The Bill also needs to provide long-overdue statutory protection for ancient woodland. Noble Lords have heard me go on about that before. We need similar protection to that accorded to sites of special scientific interest. We need a statutory basis for the England tree action plan to ensure that it is indeed action, gives proper priority to native woodland and does not end up overfocusing on commercial forestry as part of the dash for trees.

But perhaps the most important thing as we see the Bill through our House is to help the Government join up two pieces of important legislation. The planning reform Bill is not yet published, and I have big suspicions about it. Rumours abound that it will designate land, in a top-down way, as either suitable for development or to be protected, and leave local communities powerless. As other noble Lords have highlighted, if the planning reform Bill is not to counteract completely the protection provisions of the Environment Bill, we need in statute measures to link and harmonise these two pieces of legislation. The Environment Bill needs to give a legal status to local nature recovery strategies so that plans, planners and developers have to take account of them.

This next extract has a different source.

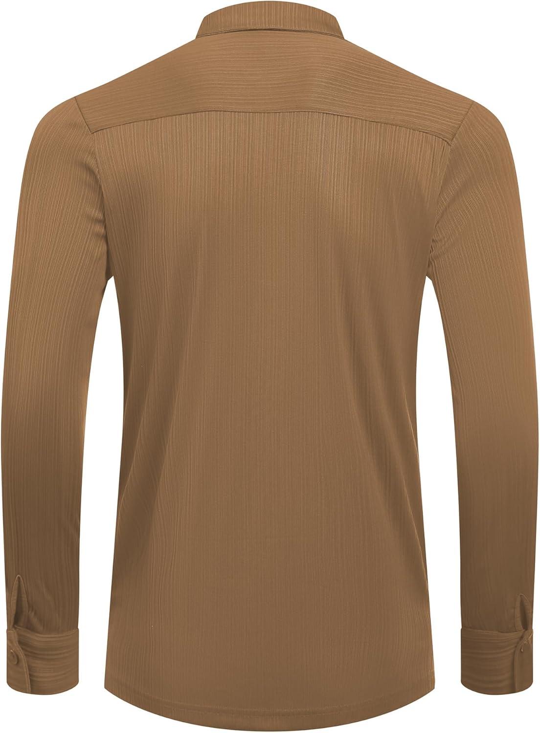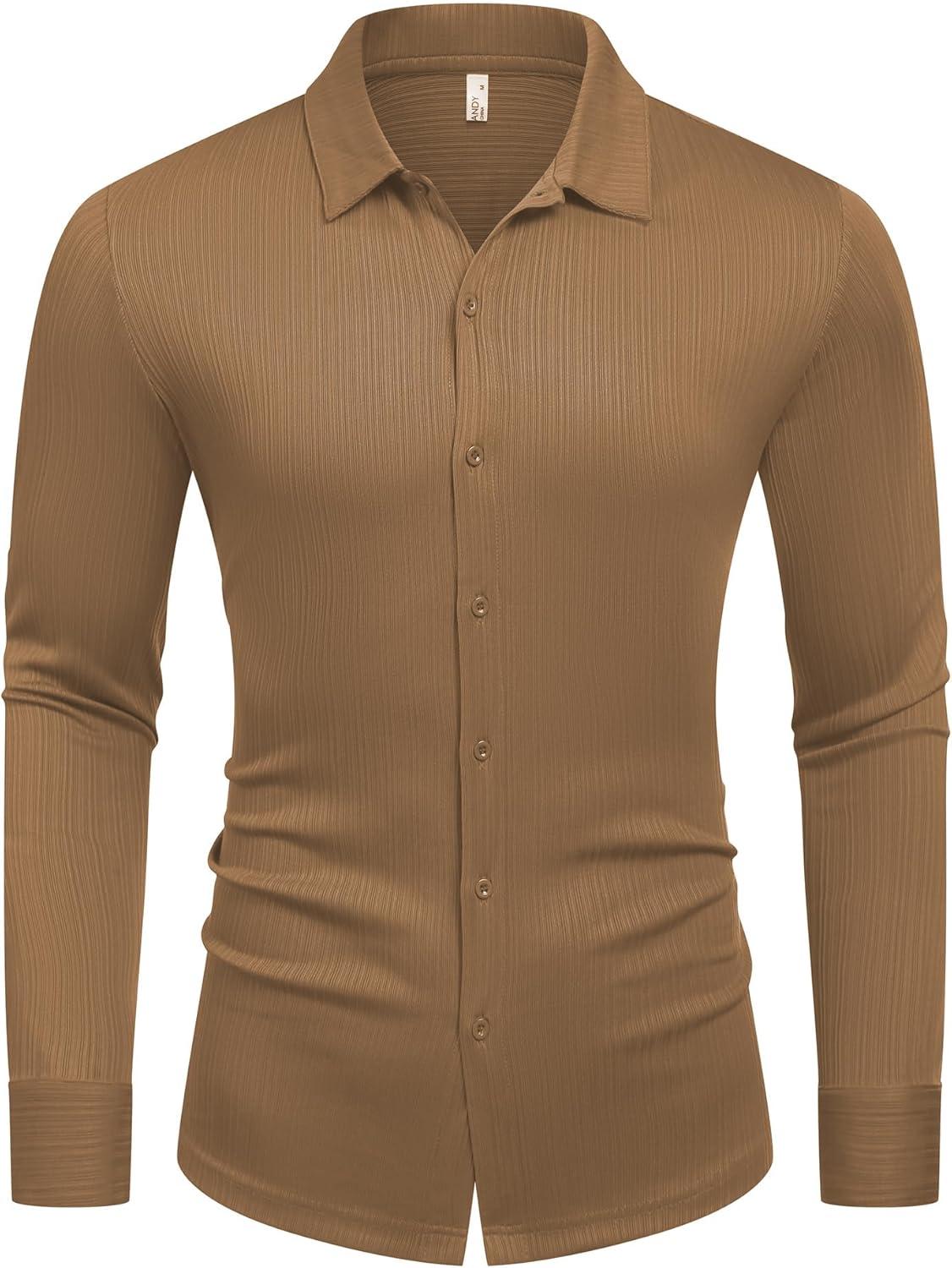 COOFANDY Athletic Fit Dress Shirts for Men Ribbed Knit Textured Button Down Shirts(Light Brown)

We also need to enshrine in statute a land-use framework for England. I tried to do this during the passage of the then Agriculture Bill and was told that the Environment Bill was a much more suitable place to put it—well, here we are, now at the Environment Bill. The planning Bill sounds like it will have an oversimple, binary approach to land use: worth protecting or worth developing. The reality is that we need a much more nuanced approach to land use, as it needs to deliver multiple benefits: biodiversity, conservation, climate change, food, flood risk management, water quality, health and mental health, to name but a few. Land needs to be multifunctional and to deliver a whole range of public and private benefits, and we need a land-use framework to do that.

A number of other changes to the Bill will be necessary. The Government’s commitment to a much-enhanced tree planting programme will be fruitless if imported tree and plant stocks do not have to be disease free and conform to a single clear plant and tree health standard, with UK and Ireland-sourced and grown planting stock being an absolute requirement for all planting supported by public funding. A much wider network of safe nurseries should be established now in preparation for the future, creating jobs as well as safeguarding tree and plant health and preventing future decimations of newly planted stock by the introduction of tree and plant diseases.

There are many other amendments which noble Lords will want to see, and we have heard about some of them already. This is a big Bill, which risks getting even bigger. The Minister will no doubt threaten that if we attach too much to it, it will be further delayed, or even collapse under its own weight. I am always rather mystified when Governments say that; there is one simple way of getting a Bill to go through quickly, and that is to accept some sensible amendments rather than resisting them at all costs. If the Government did that, the Bill would progress more quickly, the environment would be better protected, and we would all be happier. I hope the Minister will confirm that he will do just that.

We need not just an amended and stronger Bill but action. We are striding the global stage right now, with the G7, with COP 15, and especially when we host COP 26 in Glasgow. We need domestic action at a scale and pace which inspires global action and encourages leaders to tackle climate change and promote biodiversity across the world. The Government are going to find providing global leadership jolly hard to do if back home they have been resisting every sensible improvement to this Bill.